Does more pollen mean worse allergy symptoms? Probably. If patients think their spring and autumn allergies are getting worse each year, they’re most likely rightThe growing season of plants is longer and starts earlier than in the past, so the length of time pollen is in the air to cause symptoms has increased. 

If patients think their spring and autumn allergies are getting worse each year, they’re probably right.

Your patient’s nose may already be aware of the findings from a study that climate change has made pollen season longer and worse. It’s definitely not good news for those who suffer from nasal allergies.  

The study examined pollen counts from 60 North American stations over 28 years. The researchers found that the pollen seasons for plants like trees, grasses, and weeds showed a 20-day increase in length and a 21% increase in pollen concentration across North America during the time frame. While local studies are needed, seasons across the globe have seen significant changes over the last few decades.  

So how does climate change and increased temperatures make nasal allergy symptoms worse? Three things happen related to global warming that can make allergies miserable: 

1. First, the growing season of plants is longer and starts earlier than in the past, so the length of time pollen is in the air to cause symptoms has increased. 

2. Not only is the season longer, but the amount of pollen produced by each plant is greater. According to the American College of Allergy, Asthma, and Immunology (ACAAI), one ragweed plant can produce as much as 1 billion pollen grains. A highly allergenic plant native to North America, ragweed was first detected by scientists in South African pollen spore traps in 2020. 
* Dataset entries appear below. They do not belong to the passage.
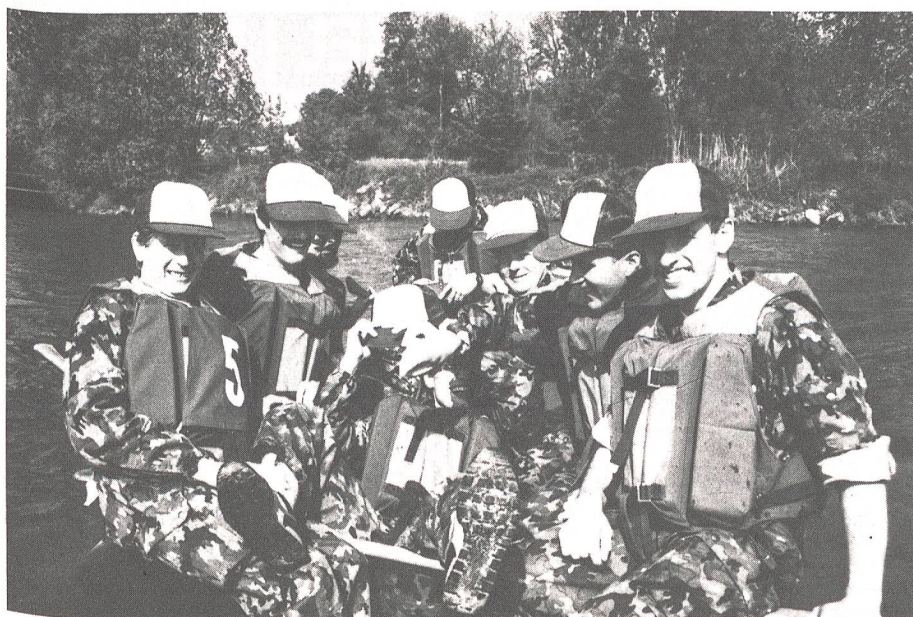
Der UOV Reiat, eine Wettkämpfer-Sektion, die weitherum bekannt und gefürchtet ist (hier anlässlich der Reusstalfahrt 1991).

Wie die zwei Vorstandsvertreter des UOV Reiat feststellen können, wird der Sektion von den Behörden für die verschiedensten Anlässe immer wieder eine
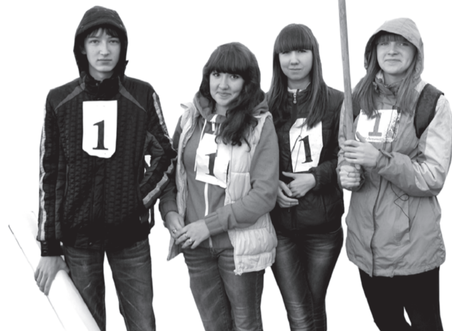
Участники - команда школы №1 - еще и активные болельщики!
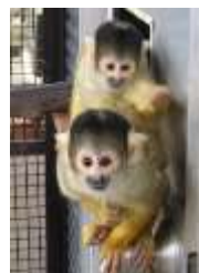
⑤約1年で独り立ち。子供同士で行動します。
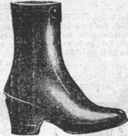
Zenski polvisoki gumasti čevlji s toplo podlogo. Noge so videti v njih jako elegantno.
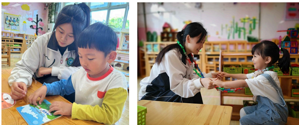
图 5-1 幼儿保育专业学生在幼儿园实习

这场实习，不仅让同学们完成了从“中职生”到“教育工作者”的华丽转身，更积累了宝贵经验。相信同学们未来定能在幼教之路绽放光彩，精心培育祖国的希望之花。
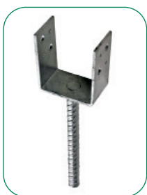
U-profil 75x200 Varmforzinket PN nr. 659000107
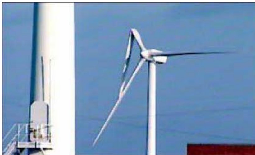
Figure 3 - Esempio di rottura di pala senza distacco

Nella maggior parte dei casi il distacco di piccoli frammenti di pala si verifica in concomitanza con fulminazioni di natura atmosferica.
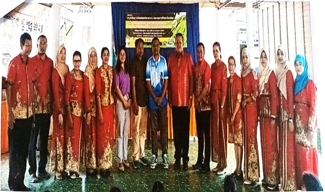
กิจกรรม อบรมสร้างความรู้ ความเข้าใจการบริโภคอาหารที่ปลอดภัยตามหลักโภชนาการ แก่นักเรียนและครูโรงเรียนบ้านทรายขาว
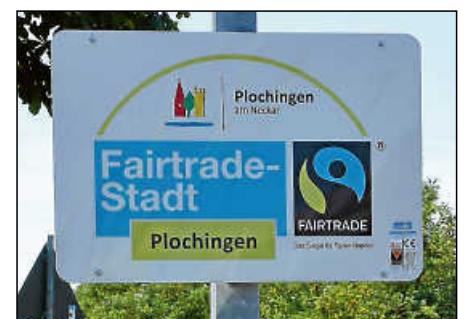
Die Stadt Plochingen darf für weitere zwei Jahre den Titel „Fairtrade-Stadt“ tragen.

Plochingen ist eine von über 820 Fairtrade-Städte in Deutschland. Das globale Netzwerk umfasst über 2000 Fairtrade-Towns in insgesamt 36 Ländern, darunter Großbritannien, Schweden, Brasilien und der Libanon. Weitere Infos unter: www.fairtrade-towns.de

3. Lastly, and very importantly, the pollen which is produced is more allergenic. That means it is more likely to trigger an allergic reaction with fewer grains of pollen in the air than pollen which is not as allergenic. In other words, the potency of the pollen is affected. It’s this triple play that is leading to more severe nasal allergies, which impair your patients’ quality of life.  
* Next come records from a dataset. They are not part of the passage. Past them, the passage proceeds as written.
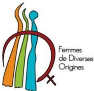
Femmes de Diverses Origines

Nous dénonçons les attaques américaines contre la Syrie perpétrées le 6 avril. Femmes de diverses origines est une organisation de femmes engagées pour la paix fondée sur la justice et opposées à
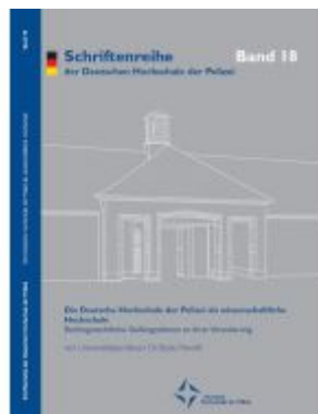
Die Deutsche Hochschule der Polizei als wissenschaftliche Hochschule Ladenpreis: 10,30EUR
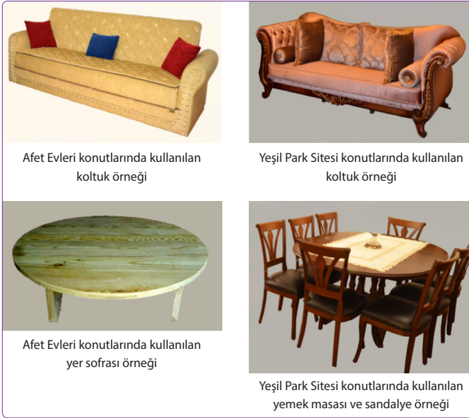
Şekil 2. Örneklem grubundaki kullanıcıların farklı yaşam tarzları olmasından kaynaklı farklılaşan mobilya örnekleri.
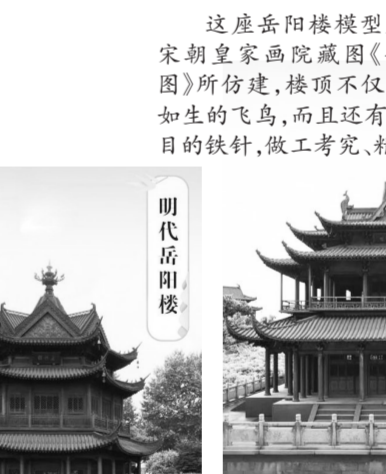
宋代岳阳楼 这座岳阳楼模型是根据宋朝皇家画院藏图《岳阳楼图》所仿建,楼顶不仅有栩栩如生的飞鸟,而且还有一根醒目的铁针,做工考究、精致。
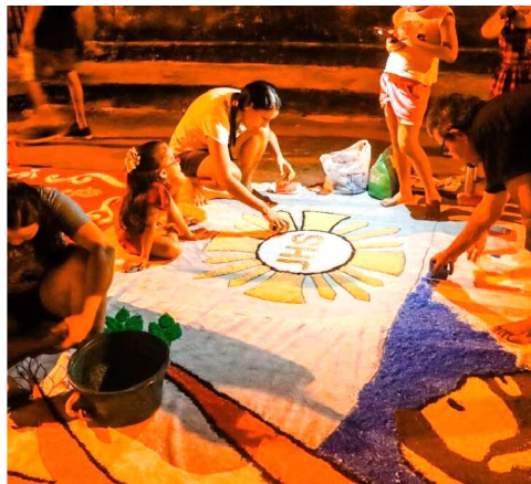
Os desenhos serão produzidos

principalmente com sal colorido e tinta, mas também utilizarão TNT, EVA, lonas e materiais recicláveis, transformando a via pública em uma grande manifestação artística e religiosa construída de forma coletiva.
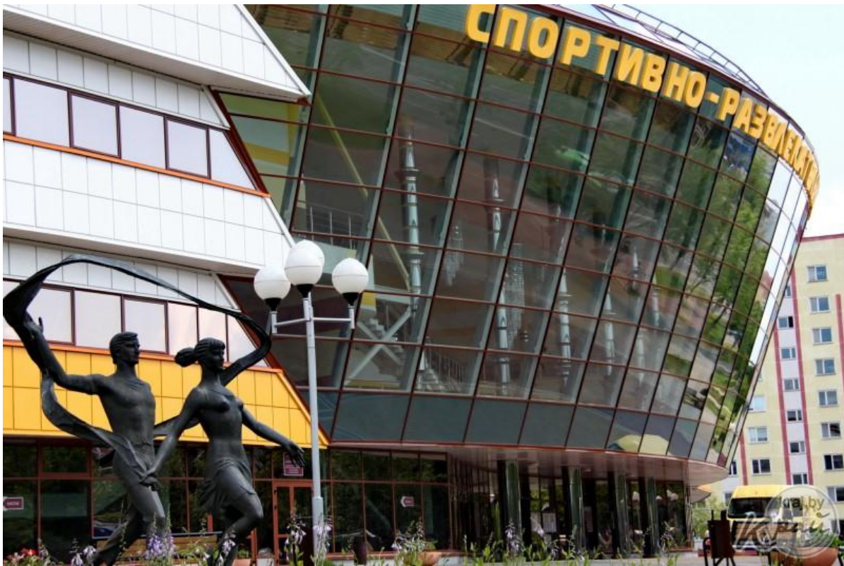
5. Лядовы палац “Алімпік-2011”
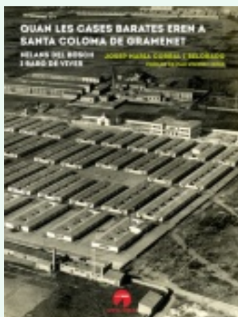
coberta del llibre sobre les Cases Barates
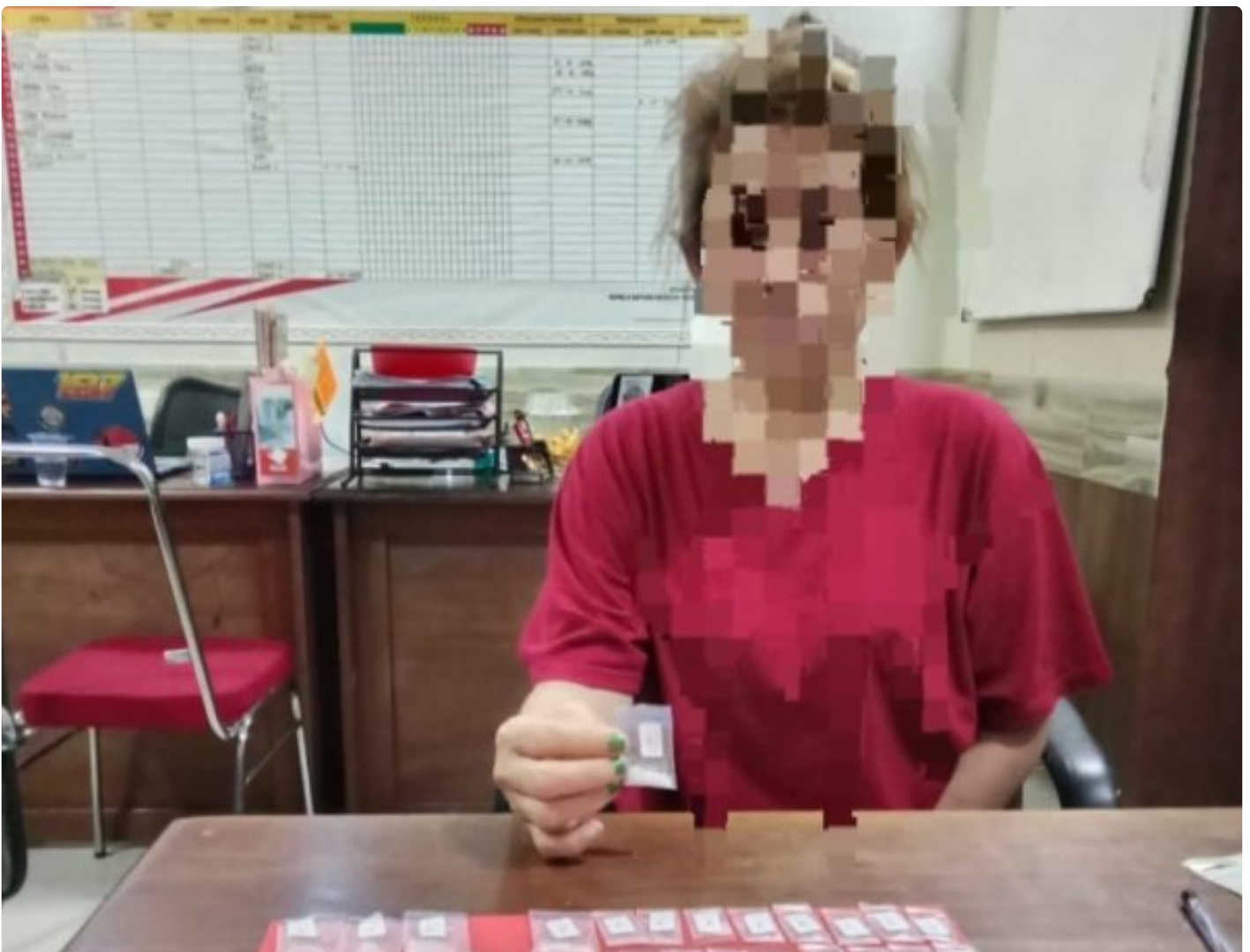
Tampak Salah Satu Tsk Perempuan beserta Babuk Sabu

MOROWALI, Sulawesi Tengah- Satuan Reserse Narkoba (Sat Resnarkoba) Polres Morowali berhasil mengungkap kasus penyalahgunaan narkotika jenis sabu di wilayah hukum Polres Morowali, Provinsi Sulawesi Tengah, di awal tahun
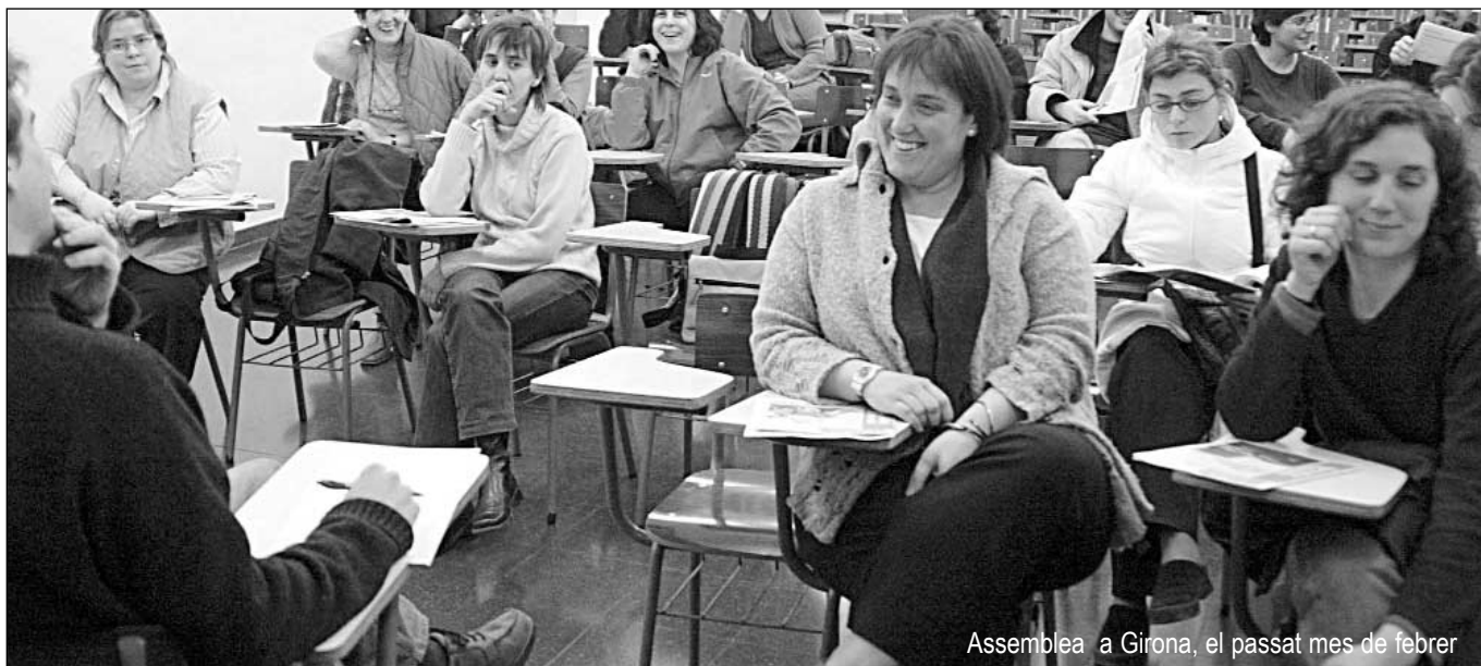
Assemblea a Girona, el passat mes de febrer

L a política duta a terme en els últims quatre anys per part del Departament ha suposat per al col·lectiu de professorat interí/substitut una major fragmentació i precarització i una situació d'inseguretat permanent com mai no hi havia hagut.

What’s the best way to deal with a worsening pollen season? “Get ahead of it,” said allergist Dr Luz Fonacier, president of ACAAI. “If you know it’s likely that your allergy symptoms will arrive earlier in the spring or [autumn] season, start taking your medications sooner. If you begin your medications 2-3 weeks before your symptoms begin in earnest, chances are your suffering will be lessened.”  

Pollens from trees are higher in the spring, grasses in the summer, and weeds in autumn. This may vary depending on weather conditions and where patients live. If possible, advise them to: 

  • Keep windows closed during pollen season, especially during the day. Use air conditioning whenever possible. 
  • Avoid pollen. Patients should know which pollens they’re sensitive to and then check pollen counts. In spring and summer, during tree and grass pollen season, levels are highest in the evening. In late summer and early autumn, ragweed pollen season, levels are highest in the morning. 
  • Take a shower, wash their hair, and change clothing after working or playing outdoors. 
  • Wear sunglasses and a hat outside to keep pollen out of eyes and hair. Their Covid-19 mask could provide a protective barrier against pollen. 

If patients think their autumn and spring allergies are getting worse each year, they’re probably right. If staying indoors during these times of the year and OTC allergy medications are not doing the trick to control patients symptoms, advise them to consult an allergist to help get relief.